The auditorium is already named after the family because of a contribution the O'Rourkes made to renovate the space more than a decade ago. Jerry O'Rourke is a member of Marquette University High School's class of 1955, Dan Quesnell, a spokesman for the school, said today.

Ken and Karen Yontz' gift of $1 million will establish a new fine arts center that will include chorus and ensemble rooms, a graphics computer lab, a ceramics room and kiln and a darkroom.

The Business Journal of Milwaukee adds these details:

Marquette University High School is in the midst of a $14.2 million building project that includes a two-story addition featuring the Yontz Fine Arts Center connecting to the O'Rourke Performing Arts Center.

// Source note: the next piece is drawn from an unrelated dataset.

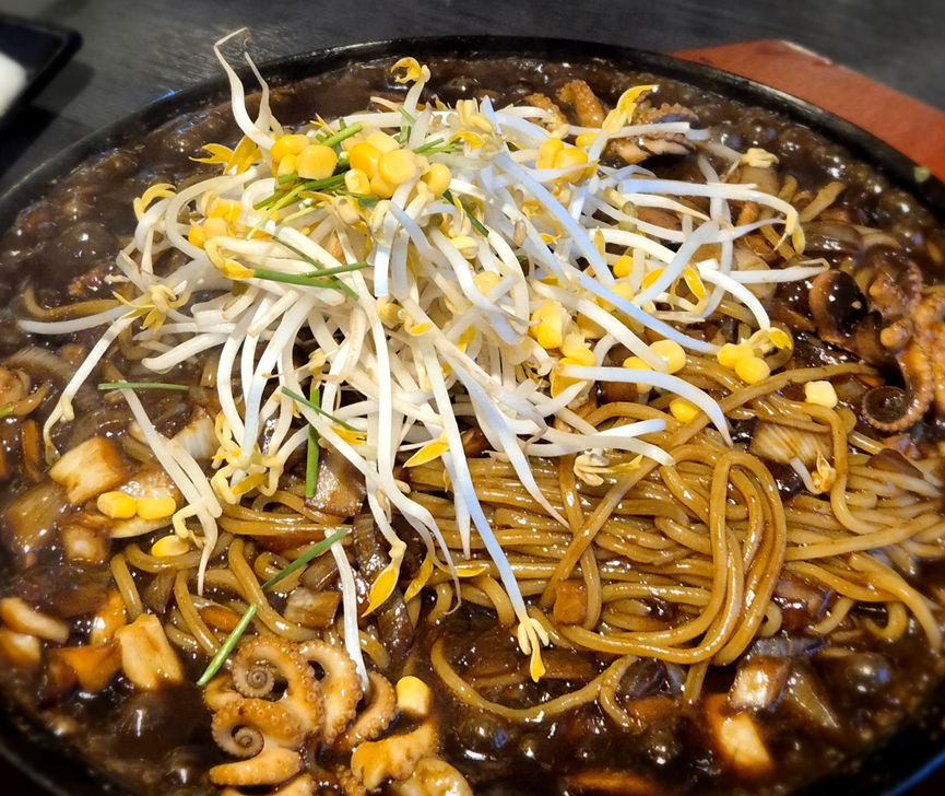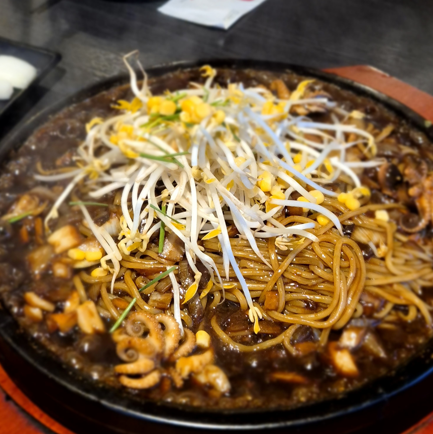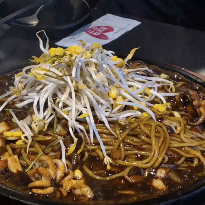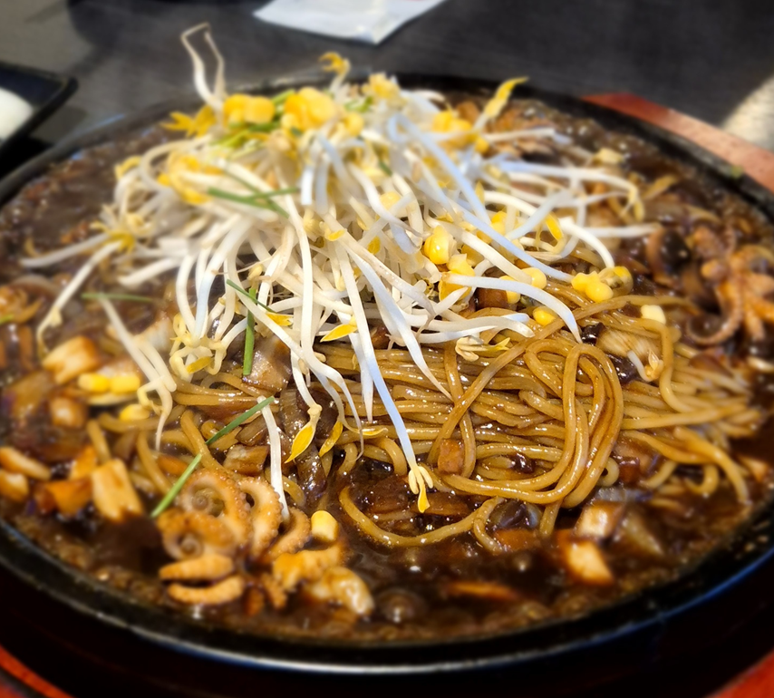 처음 나오면 넓은 돌판 위에 숙주를 올린 해물짜장이 지글지글 끓는 채로 나옵니다. 상당히 뜨거우니 조심해야 합니다.

"The generous O'Rourke and Yontz gifts ensure that current and future students will experience the highest quality fine arts program," Sazama said in a press release.

Especially in my senior year, I spent many hours in the then-unnamed auditorium. (Regular readers may recall seeing video footage of the auditorium from the 1970s -- the Prep Players' production of Guys & Dolls in 1977, and "Blazing Seniors," the Senior Follies of the Class of 1977, which was actually produced in November 1976.)

At last year's "Great Homecoming," I was able to snap a few photographs of the auditorium, which really has not changed much at all over the past 30 years. I hope that the transformation promised by the million-dollar-plus endowment does not eliminate its mid-20th-century charm. I especially hope that the decades of autographs painted on the walls beneath the stage and in the wings are not harmed in the construction phase -- that is a historical record well worth preserving, visual evidence of the ghosts who haunt every theatre.





























No doubt history will be on the minds of the actors, musicians, and crew members who take part in this weekend's production of Ragtime (reviewed here and here), as well as the audience members who go to see the Prep Players' version of the 1998 Tony-winning musical play, set in the turbulent turn of the 20th-century and dealing with issues of racial equality and immigration that still vex us today.